Exercise requirements >> For the entries below, repeat exactly each line starting with the one that contains "Ce dossier en" and going on through the one that contains "What: From the", and no others.

Records for this task >>
■ ■ ■

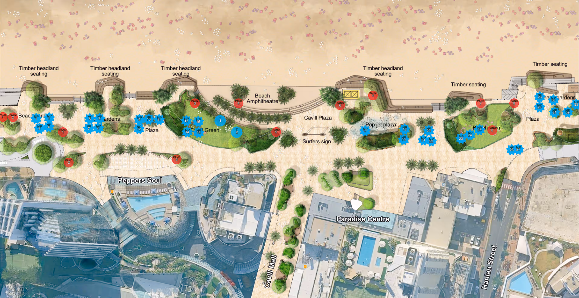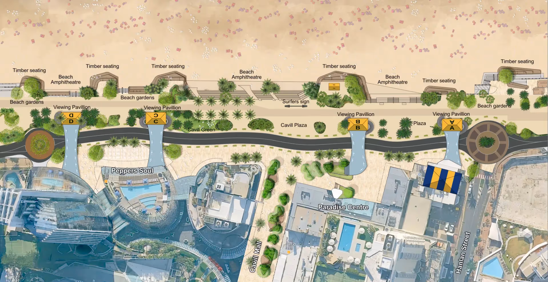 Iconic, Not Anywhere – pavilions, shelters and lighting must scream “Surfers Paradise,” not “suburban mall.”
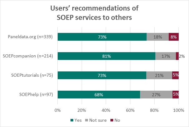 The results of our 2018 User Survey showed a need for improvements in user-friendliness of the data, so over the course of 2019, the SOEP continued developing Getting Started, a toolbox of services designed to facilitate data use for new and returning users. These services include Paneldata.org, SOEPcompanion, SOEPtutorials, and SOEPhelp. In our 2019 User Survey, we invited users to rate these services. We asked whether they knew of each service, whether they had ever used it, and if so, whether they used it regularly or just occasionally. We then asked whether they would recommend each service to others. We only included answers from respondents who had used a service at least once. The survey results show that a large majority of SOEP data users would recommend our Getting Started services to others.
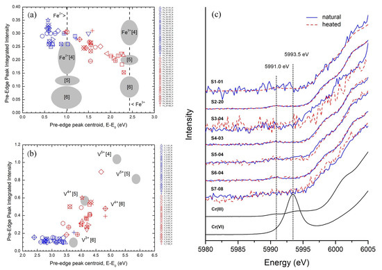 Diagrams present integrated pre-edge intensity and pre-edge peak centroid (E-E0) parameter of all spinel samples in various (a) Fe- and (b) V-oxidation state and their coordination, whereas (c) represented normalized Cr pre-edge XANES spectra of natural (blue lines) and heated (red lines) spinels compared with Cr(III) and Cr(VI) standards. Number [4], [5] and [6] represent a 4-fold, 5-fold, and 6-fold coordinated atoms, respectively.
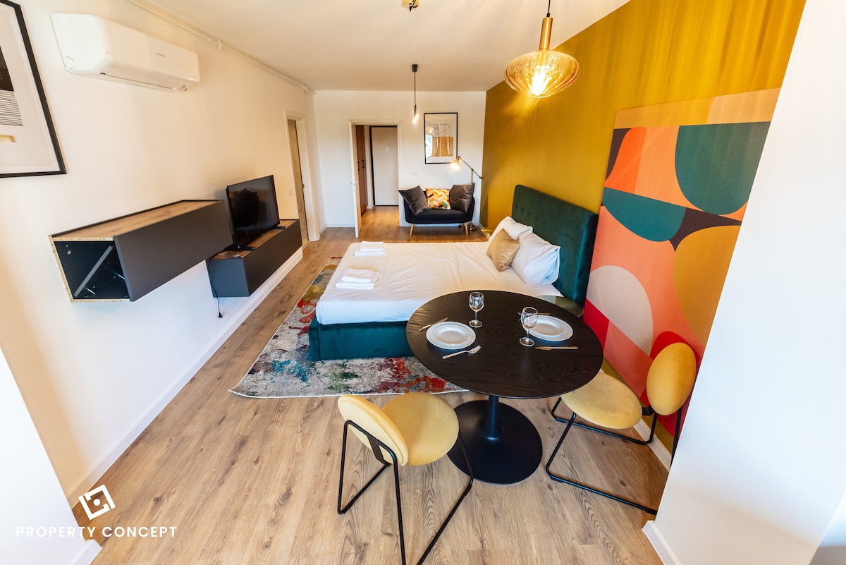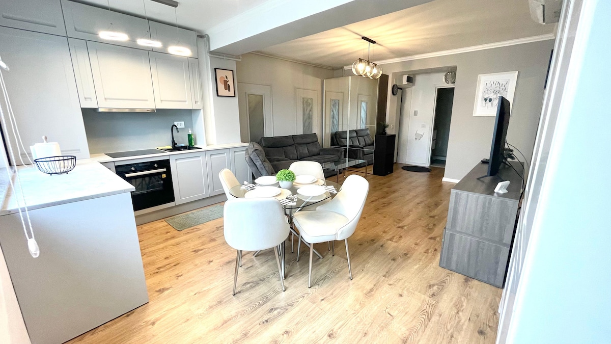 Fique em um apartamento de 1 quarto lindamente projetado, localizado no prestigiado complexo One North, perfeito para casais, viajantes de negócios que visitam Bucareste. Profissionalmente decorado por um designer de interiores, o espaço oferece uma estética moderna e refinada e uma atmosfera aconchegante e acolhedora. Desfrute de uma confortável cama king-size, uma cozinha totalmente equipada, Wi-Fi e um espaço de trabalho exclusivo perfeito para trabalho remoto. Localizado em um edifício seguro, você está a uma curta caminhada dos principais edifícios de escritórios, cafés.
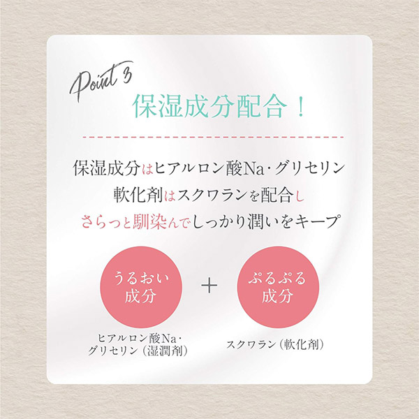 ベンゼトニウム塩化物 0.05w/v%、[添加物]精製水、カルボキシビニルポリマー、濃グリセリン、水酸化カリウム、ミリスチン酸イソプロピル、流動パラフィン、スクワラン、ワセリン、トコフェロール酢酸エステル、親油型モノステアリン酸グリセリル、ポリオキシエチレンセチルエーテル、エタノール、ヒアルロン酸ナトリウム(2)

■ ■ ■

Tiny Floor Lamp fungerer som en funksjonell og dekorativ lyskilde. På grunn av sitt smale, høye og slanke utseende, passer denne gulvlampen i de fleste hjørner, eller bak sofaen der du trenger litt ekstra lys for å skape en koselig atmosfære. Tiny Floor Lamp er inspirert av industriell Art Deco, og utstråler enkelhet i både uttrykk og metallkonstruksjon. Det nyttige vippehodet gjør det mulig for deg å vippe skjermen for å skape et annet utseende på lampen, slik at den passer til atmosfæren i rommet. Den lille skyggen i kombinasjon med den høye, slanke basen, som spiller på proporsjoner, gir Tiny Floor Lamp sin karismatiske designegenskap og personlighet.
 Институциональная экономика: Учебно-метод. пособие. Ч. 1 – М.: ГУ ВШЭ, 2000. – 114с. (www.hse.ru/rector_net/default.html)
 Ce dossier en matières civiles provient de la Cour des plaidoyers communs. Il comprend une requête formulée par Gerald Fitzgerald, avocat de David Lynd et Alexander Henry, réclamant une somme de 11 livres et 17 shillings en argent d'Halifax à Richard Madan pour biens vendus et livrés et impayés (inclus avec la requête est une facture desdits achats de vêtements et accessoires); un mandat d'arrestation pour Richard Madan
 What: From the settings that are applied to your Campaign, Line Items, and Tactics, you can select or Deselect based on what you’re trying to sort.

■ ■ ■

Task solution >>
 Ce dossier en matières civiles provient de la Cour des plaidoyers communs. Il comprend une requête formulée par Gerald Fitzgerald, avocat de David Lynd et Alexander Henry, réclamant une somme de 11 livres et 17 shillings en argent d'Halifax à Richard Madan pour biens vendus et livrés et impayés (inclus avec la requête est une facture desdits achats de vêtements et accessoires); un mandat d'arrestation pour Richard Madan
 What: From the settings that are applied to your Campaign, Line Items, and Tactics, you can select or Deselect based on what you’re trying to sort.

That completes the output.